Proof of 1.: If $f$ is continuous and idempotent, then $I=f(\mathbb R)$ is an interval by continuity alone along with the IVT. If $A=\{x\in \mathbb R: f(x)=x\}$, then $A$ is a closed set by continuity, $A\subseteq I$ because each $x\in A$ equals $f(x)\in I$, and $I\subseteq A$ by idempotency.  Thus $I=A$, confirming that $I$ is a closed interval on which $f$ is the identity function.  
Proof of 2.: Suppose that $f$ is continuous and idempotent, but not constant and not the identity function.  Then $I$ is not $\mathbb R$, not a singleton, so by 1. $I$ is a nontrivial closed interval that is either bounded above or below (or both).  Suppose $I$ is bounded above, and let $b=\sup(I)=\max(I)$, the last equality holding by closedness of $I$.  Because $I$ is a nontrivial interval, $I$ contains $(a,b]$ for some $a<b$.  It follows that $f$ is not differentiable at $x=b$, because $\lim\limits_{h\to 0-}\dfrac{f(b+h)-f(b)}{h}=1$, but for all $h>0$, $\dfrac{f(b+h)-f(b)}{h}\leq 0$.   If $f$ is bounded below a similar argument applies to show that $f$ is not differentiable at $\inf(I)=\min(I)$. By contraposition, this confirms that if $f$ is idempotent, differentiable and nonconstant, then $I=\mathbb R$, i.e., $f(x)=x$ for all $x\in\mathbb R$. 
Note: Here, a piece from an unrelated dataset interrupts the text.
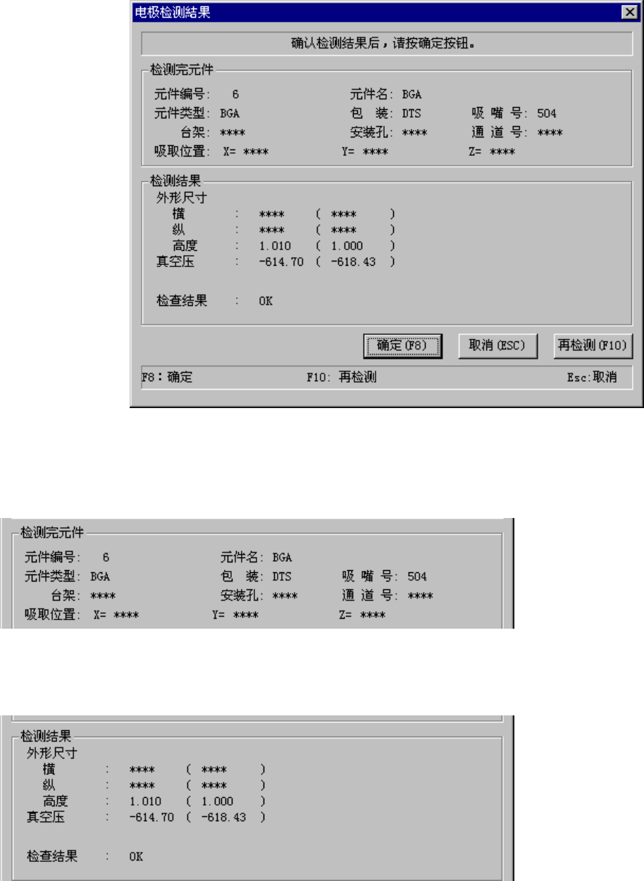 第1部 基本篇 第4章 生产程序制作 (3) 电极检测结果 元件示教完毕后,显示下列对话框。 图 4-5-4-6-11 图像元件示教检测结果对话框 1) 检测完元件 显示元件内容以及吸取位置。 2) 检测结果 显示检测的结果值 。 ( )内是原来的元件数据值。 没有检测的项目显示为 *** 。 4-253

In the case where $f$ is continuous and not constant or the identity function, the graph of $f$ consists of a closed line segment or ray on the line $y=x$, having the form $\{(x,x):x\in f(\mathbb R)\}$, then extends continuously in a way that is arbitrary as long as the $y$ values stay in $I=f(\mathbb R)=f(I)$.  This is a special case of Jair Taylor's more general description, where $S$ must be a interval and the pieced together map must be continuous.
For a given bounded interval $[a,b]$, $a<b$, a formula for a continuous idempotent function $f$ having $[a,b]=f(\mathbb R)$ is 
$$f(x)=\frac{b-a}{\pi}\arcsin\left(\sin\left(\frac{\pi(x-\frac12(a+b))}{b-a}\right)\right)+\frac{a+b}{2},$$
a triangle wave function obtained by dilating and shifting the example $\arcsin(\sin(x))$ given in Jair Taylor's answer.  To get arbitrary closed rays instead, you can shift and reflect $y=|x|$ to get $y=\pm|x-h|+h$.  
A: Here are several:


*

*$f(x)=x$

*$f(x)=\vert x\vert$

*$f(x)=\lfloor x\rfloor$

*$f(x)=\lceil x\rceil$
A: Any idempotent function $P: \mathbb{R} \rightarrow \mathbb{R}$ can be constructed by 
1) Choosing your favorite set $S$.
2) Find a mapping $P:\mathbb{R} \backslash S$ into $S$.
3) Expand the domain of $P$ by letting let $P(x) = x$ for $x \in S$.
This is, for example, how $P(x) = |x|$ works.  It just maps the negative part of the real line onto the positive part, and acts as the identity on the positive part.
But if you want this to be a function with a nice formula it's not quite as obvious.  One way is to use any non one-to-one function that $f(x)$ that has a right inverse $g(x)$, so that $f(g(x)) = x$.  Then if $P(x) = g(f(x))$ then $P\circ P = g \circ f \circ g \circ f = g \circ f = P$.  
Intuitively, $g$ works by mapping an input $y$ to an $x$ in a select domain $A$ of $\mathbb{R}$ so that $f(x) = y$.  Then on this particular set $A$, we have $g(f(x)) = g(y) = x$. 
For example, think about $P(x) = \arcsin(\sin(x))$ where $arcsin$ is the usual branch taking $x$ into $[-\pi/2, \pi/2]$.
Note that this only really works for certain inverse functions we decided are okay to write in formulas, like $\sqrt{x}$ or $\arcsin(x)$.  Most of these examples are going to be a little bit artificial, because if $P$ is the identity on on a set $S$ that contains an interval than it 'really ought' to be the identity everywhere.  That is, it must be the identity if it is analytic.
A: Expanding on the comment:

Note that if $f$ is idempotent and differentiable, then $f′(f(x))⋅f′(x)=f′(x)$ so $f′(x)=0$ on its domain, or $f′(y)=1$ on its range, or some combination thereof.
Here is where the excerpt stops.